We hope to make each of these presentations available on the internet after the conference

To help set the mood, MMM Editor, Peter Kokh, who could not make it to this year’s event, contributed a Lava Tube Exhibit for the Moon Society’s Exhibit table.

The interior of this winding lava tube section can be viewed from both right and left ends, and via a cutaway of an elbow bend from the front.

Modeled inside are a “town settlement for 500 people” and a tower structure poking through a skylight opening, as well as some warehousing. The interior is lit by a string of battery powered LED lights inside a clear plastic tube slung from the tube ceiling. The tube itself is carved into 11 layers of 3/4″ insulation foam board.

The background image has two parts: above is a scene from the Apollo 17 mission as the astronauts were preparing to leave the Moon for the last time: “the end of the beginning.” The lower half of the background image looks into two terrestrial lavatubes.
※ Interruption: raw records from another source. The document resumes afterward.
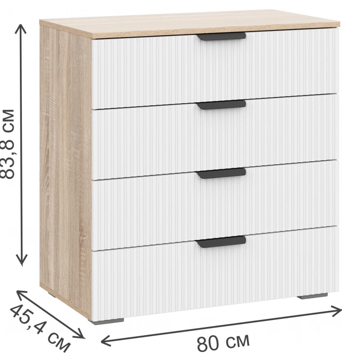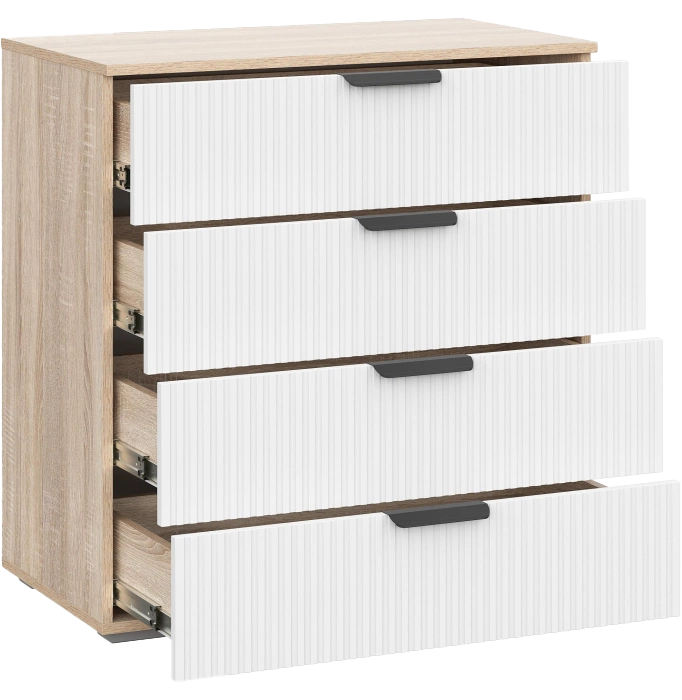 Комод Стокгольм, с четырьмя ящиками, дуб сонома / line софт пломбир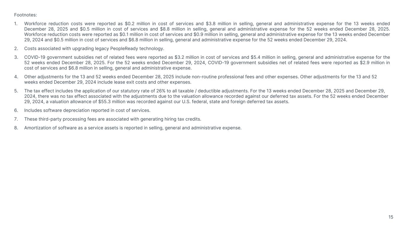 15 Footnotes: 1. Workforce reduction costs were reported as $0.2 million in cost of services and $3.8 million in selling, general and administrative expense for the 13 weeks ended December 28, 2025 and $0.5 million in cost of services and $8.8 million in selling, general and administrative expense for the 52 weeks ended December 28, 2025. Workforce reduction costs were reported as $0.1 million in cost of services and $0.9 million in selling, general and administrative expense for the 13 weeks ended December 29, 2024 and $0.5 million in cost of services and $6.8 million in selling, general and administrative expense for the 52 weeks ended December 29, 2024. 2. Costs associated with upgrading legacy PeopleReady technology. 3. COVID-19 government subsidies net of related fees were reported as $3.2 million in cost of services and $5.4 million in selling, general and administrative expense for the 52 weeks ended December 28, 2025. For the 52 weeks ended December 29, 2024, COVID-19 government subsidies net of related fees were reported as $2.9 million in cost of services and $6.8 million in selling, general and administrative expense. 4. Other adjustments for the 13 and 52 weeks ended December 28, 2025 include non-routine professional fees and other expenses. Other adjustments for the 13 and 52 weeks ended December 29, 2024 include lease exit costs and other expenses. 5. The tax effect includes the application of our statutory rate of 26% to all taxable / deductible adjustments. For the 13 weeks ended December 28, 2025 and December 29, 2024, there was no tax effect associated with the adjustments due to the valuation allowance recorded against our deferred tax assets. For the 52 weeks ended December 29, 2024, a valuation allowance of $55.3 million was recorded against our U.S. federal, state and foreign deferred tax assets. 6. Includes software depreciation reported in cost of services. 7. These third-party processing fees are associated with generating hiring tax credits. 8. Amortization of software as a service assets is reported in selling, general and administrative expense.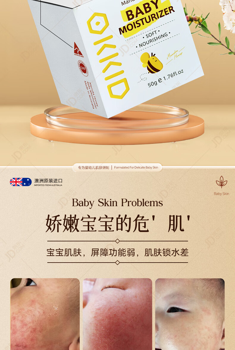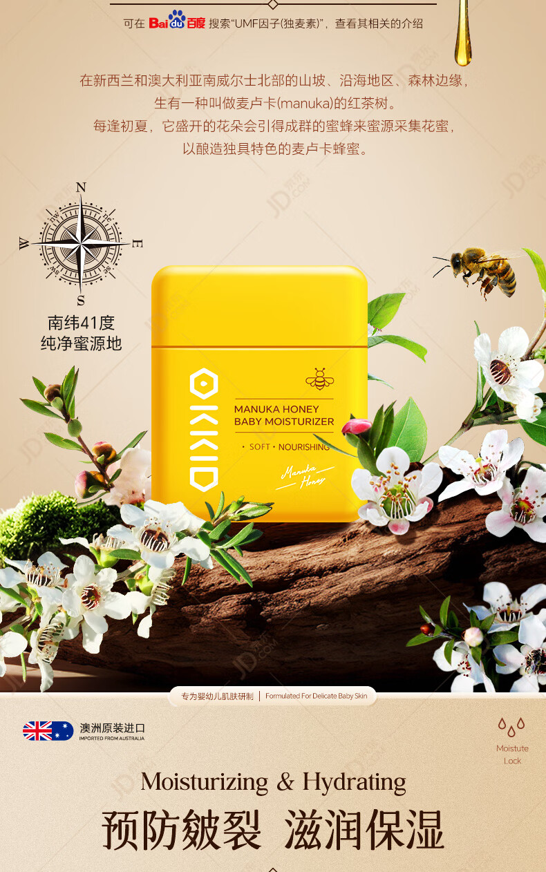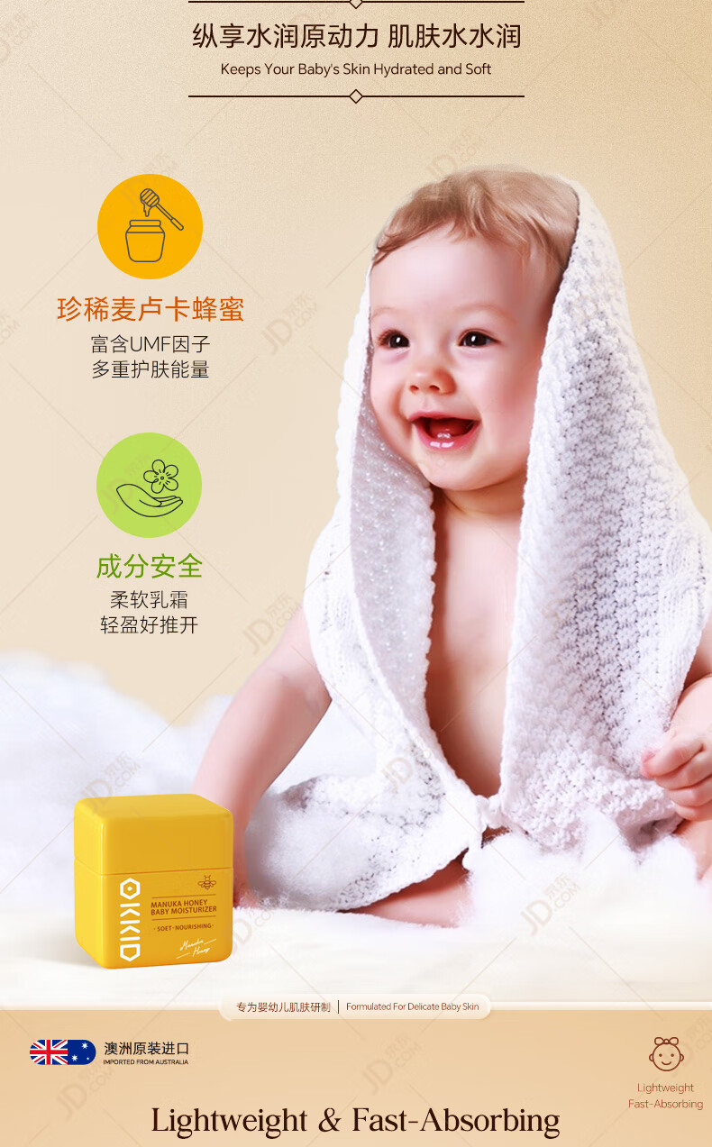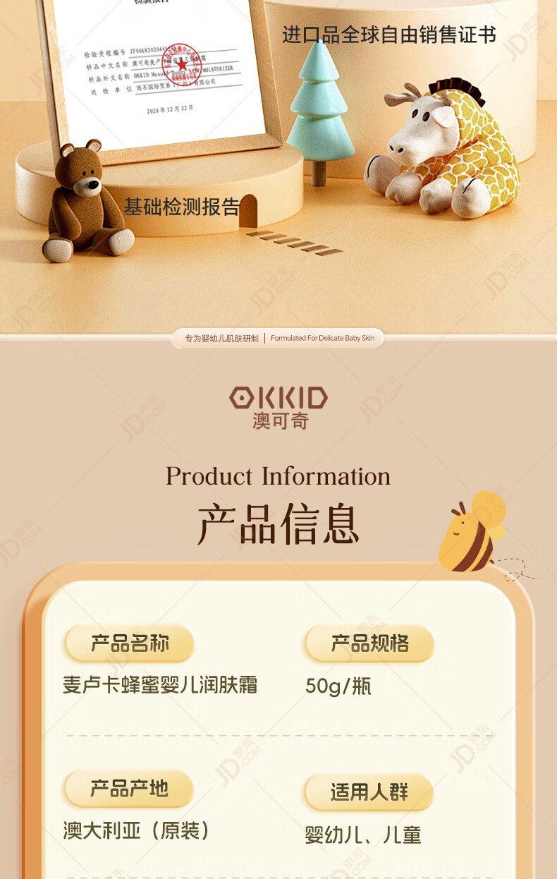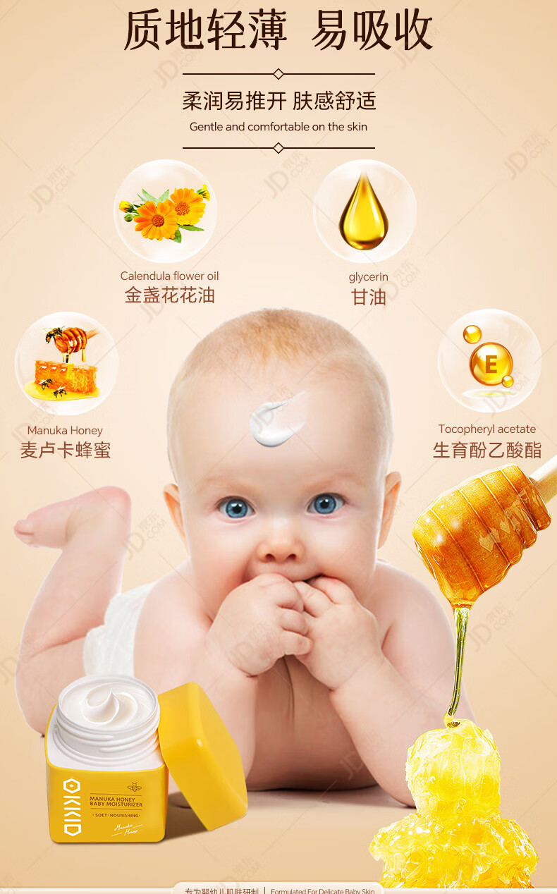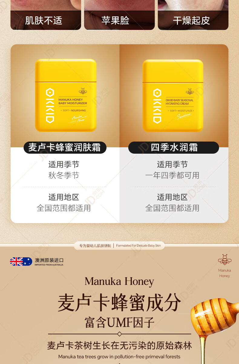 澳可奇OKKID麦卢卡蜂蜜婴儿润肤面霜儿童霜保湿滋润宝宝霜婴幼儿擦脸油 【秋冬护肤/干痒红皴】麦卢卡蜂蜜婴儿润肤霜50g

The message is not to judge the Moon by its surface: there is abundant sheltered volume below!

Text alongside the background image talks about lava tubes on the Moon: how they were formed and where we will find them, etc.

Text on the “apron” in front of the exhibit, explains what the viewer is looking at inside.

The open green box toward the back of the right hand side is the LED control panel.

Instructions to replicate the exhibit are available on request from Peter Kokh.

After ISDC, the lightweight 15 lb, 24″x36″x9″ exhibit will go to Dallas for the upcoming annual Moon Day event.